Quelle est la portée de la décision? Malgré les analyses contradictoires sur la portée de ce retrait et les réactions de la Commission, il faut relativiser son impact. D’abord, cette référence n’apparaît dans aucun des précédents traités. Ensuite, elle figure dans de nombreux articles du traité instituant une Communauté européenne. Ainsi, les compétences de la Commission en matière de concurrence (Chapitre 1, Titre VI) restent intactes, ce qui a été confirmé par un protocole annexé au traité simplifié à la demande de la Commission.
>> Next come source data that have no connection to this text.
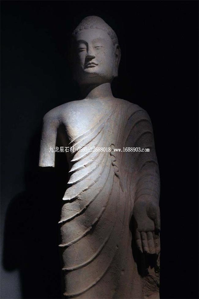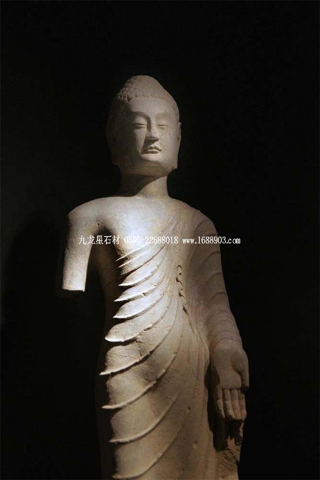 北魏、北齊時期,佛像雕刻藝術(shù)趨于巔峰極致之境界。北魏佛像造型挺拔秀美,細(xì)腰寬背,衣紋是富于裝飾的淺刻。北齊造像多為面型豐腴,衣紋簡潔,服薄貼體,整體平潤光潔,與面部寧靜安祥的表情和諧一致。這類疏簡淳潤的佛像造像,無論從光潔的肌體或平滑衣物里,似乎都能感覺到內(nèi)部筋肉的輕微變化。潤澤的體面與舒緩下垂的線條,使形象在疏簡平淡中流露出內(nèi)在的氣質(zhì)。
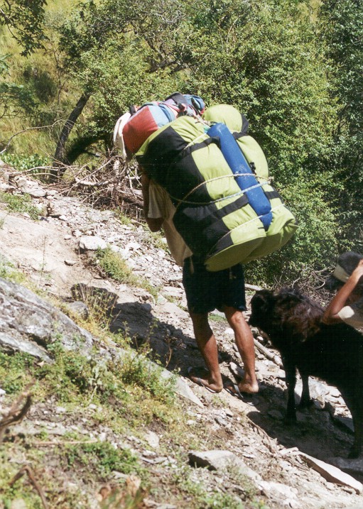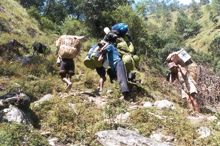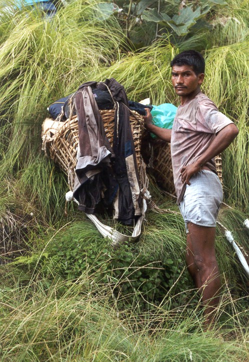 ich unsere Träger, die auch hier mit ihren Badeschlappen und dem schweren Gepäck
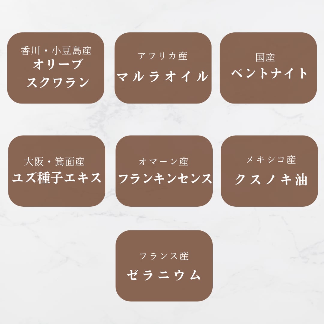 ■全成分 ベチベル根水・コメヌカ油・オリーブ果実油・バオバブ油・モクロウ・ツバキ種子油・フルボ酸・スクワラン・スクレロカリアビレア種子油・ベントナイト・ユズ種子エキス・ニュウコウジュ油・クスノキ木油・ニオイテンジクアオイ花油・香料
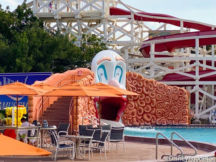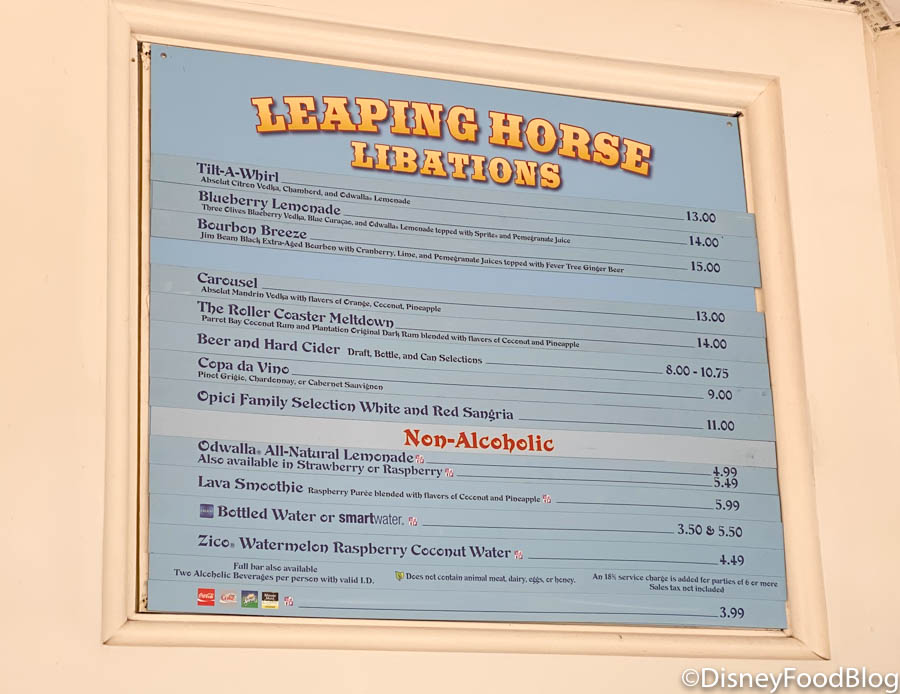 Even though the reopening date of Disney’s BoardWalk Inn has been pushed back, the Disney Vacation Club rooms are currently open! And that means the Luna Park Pool has plenty of hungry swimmers that need feeding! Today we saw the usual selection of cocktails and non-alcoholic drinks on the menu at the pool bar, Leaping Horse Libations.
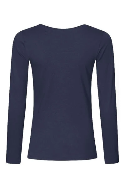 The unique single jersey long-sleeve t-shirt with a custom fabric collar is made from long-staple combed cotton. The particularly smooth surface and soft-fitting fabric give the jersey a unique, elastic and silky finish. The T-shirt has a narrow cut and is made with side seams. Certified according to OEKO-TEX®
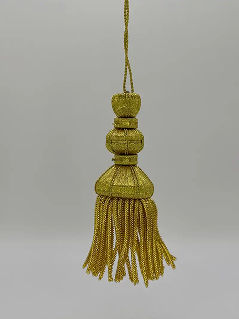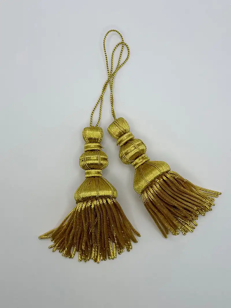 Los flecos miden 5cm, realizados en hilo de oro, con torsión que crea un bucle en forma de canutillo.

Ainsi, il semble improbable que la disparition de cette mention soit le symbole d’un renouveau de l’interventionnisme étatique.
Le retrait de cette référence rééquilibre le rapport de force entre ceux qui ne voient que la dimension économique du marché intérieur et ceux qui veulent intégrer comme objectif explicite de ce marché la prise en compte de l'intérêt général et la préservation de notre modèle social.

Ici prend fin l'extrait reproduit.